Please note that the following document, although believed to be correct at the time of issue, may not represent the current position of the Department.
Prenez note que ce document, bien qu'exact au moment émis, peut ne pas représenter la position actuelle du ministère.
Principal Issues:
1.Whether there is a disposition of a film in a UK treaty co-production arrangement?
Position:
1. No
Reasons:
1. Multi-year lease; certain rights retained, including beneficial ownership of the copyright. Similar to position adopted in file 2000-003885.
XXXXXXXXXX 2001-007262
XXXXXXXXXX, 2001
Dear XXXXXXXXXX:
Re: XXXXXXXXXX
Advance Income Tax Ruling Request
This is in reply to your letter dated XXXXXXXXXX and our numerous telephone conversations (XXXXXXXXXX) wherein you requested advance income tax rulings on behalf of the proposed treaty co-production transactions, as described herein.

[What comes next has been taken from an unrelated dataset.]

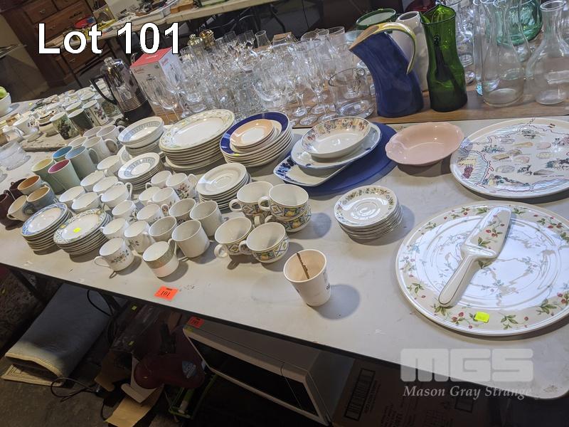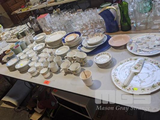 ASSORTED CROCKERY INC DINNER PLATES, SERVING DISHES, MUGS, ETC

In this letter the following definitions are used:
"Act" means the Income Tax Act, R.S.C 1985 (5th Supp.) c.1, as amended to the date hereof, and, unless otherwise stated, every reference herein to a Part, section, subsection, paragraph or subparagraph is a reference to the relevant provision of the Act;
"Canadian License" means the license agreement entered into by CanCo-Producer and
UK Co-Producer, as described in Paragraph 13;
"Canadian Sublicense" means the sublicense agreement entered into by UK Co-Producer and CanCo-Producer, as described in Paragraph 20;
"CanCo-Producer" means XXXXXXXXXX, as described in Paragraph 1;
"Co-Production Agreement" means the co-production agreement referred to in Paragraph 7;
"Co-Production Treaty" means the Film Co-Production Agreement between Canada and the United Kingdom;
"Dco" means XXXXXXXXXX, as described in Paragraph 3;
"Dco Leasing" means the joint venture between Eco and Fco, as described in Paragraph 4;
"Eco" means XXXXXXXXXX, as described in Paragraph 4;
"Fco" means XXXXXXXXXX, as described in Paragraph 4;
"Film Partnership" means the general partnership, as described in Paragraph 6;
"Lease Agreement" means the lease agreement entered into by the Film Partnership and UK Co-Producer, as described in Paragraph 18;
"License Agreement" means the license agreement entered into by UK Co-Producer and the Film Partnership, as described in Paragraph 15;
"Paragraph" refers to a numbered paragraph in this letter;
"Parentco" means XXXXXXXXXX, as described in Paragraph 1;
"Purchase Agreement" means the purchase and sale agreement entered into by UK Co-Producer and the Film Partnership, as described in Paragraph 14;
"Series" means the XXXXXXXXXX;
"UK Co-Producer means XXXXXXXXXX, as described in Paragraph 2;
"Wco" means XXXXXXXXXX;
"Xco" means XXXXXXXXXX;
"Yco" means XXXXXXXXXX; and
"Zco" means XXXXXXXXXX.
FACTS
1. CanCo-Producer is a taxable Canadian corporation, within the meaning of subsection 89(1). It is a wholly-owned subsidiary of Xco. Xco is a wholly-owned subsidiary of Parentco. Yco and Zco own XXXXXXXXXX% and XXXXXXXXXX%, respectively of Parentco. Yco is a subsidiary of XXXXXXXXXX owns all of the shares of Zco. CanCo-Producer's head office and principal place of business are situated at XXXXXXXXXX CanCo-Producer is a "qualified corporation" for the purposes of section 125.4. CanCo-Producer deals with the XXXXXXXXXX Tax Services office and files its income tax returns with the XXXXXXXXXX Tax Centre. Its taxation year ends on XXXXXXXXXX . CanCo-Producer's business number is XXXXXXXXXX.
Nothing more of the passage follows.